## Records to process
====

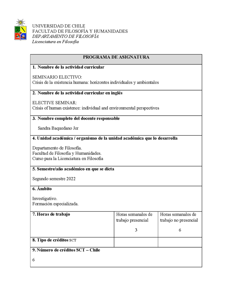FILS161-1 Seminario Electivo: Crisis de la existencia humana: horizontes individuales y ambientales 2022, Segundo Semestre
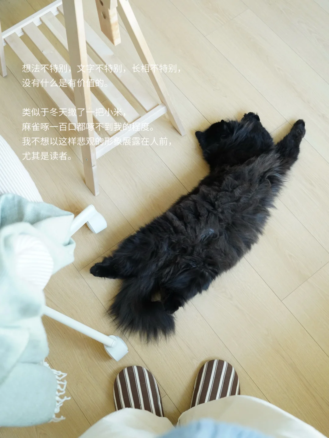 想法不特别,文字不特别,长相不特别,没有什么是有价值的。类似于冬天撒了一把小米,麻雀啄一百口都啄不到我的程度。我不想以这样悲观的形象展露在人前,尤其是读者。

====

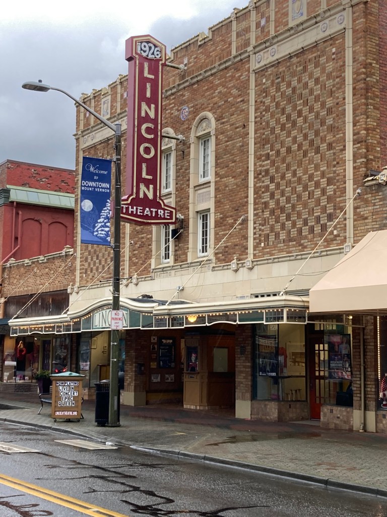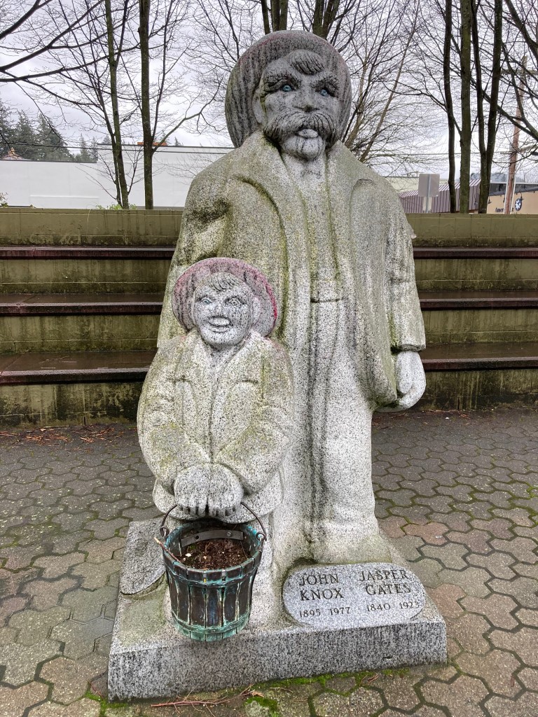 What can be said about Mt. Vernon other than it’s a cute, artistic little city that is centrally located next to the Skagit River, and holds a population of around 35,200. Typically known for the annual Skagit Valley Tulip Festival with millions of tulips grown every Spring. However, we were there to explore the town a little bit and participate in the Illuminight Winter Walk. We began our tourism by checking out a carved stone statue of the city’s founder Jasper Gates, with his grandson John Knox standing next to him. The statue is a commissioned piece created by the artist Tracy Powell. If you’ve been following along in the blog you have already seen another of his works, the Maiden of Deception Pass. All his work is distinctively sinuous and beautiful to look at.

====

In the entries above, find the line with "FILS161-1 Seminario Electivo: Crisis" and the line with "想法不特别,文字不特别,长相". Write out exactly those two lines and every line between them, pictures excluded.

## Result
FILS161-1 Seminario Electivo: Crisis de la existencia humana: horizontes individuales y ambientales 2022, Segundo Semestre
 想法不特别,文字不特别,长相不特别,没有什么是有价值的。类似于冬天撒了一把小米,麻雀啄一百口都啄不到我的程度。我不想以这样悲观的形象展露在人前,尤其是读者。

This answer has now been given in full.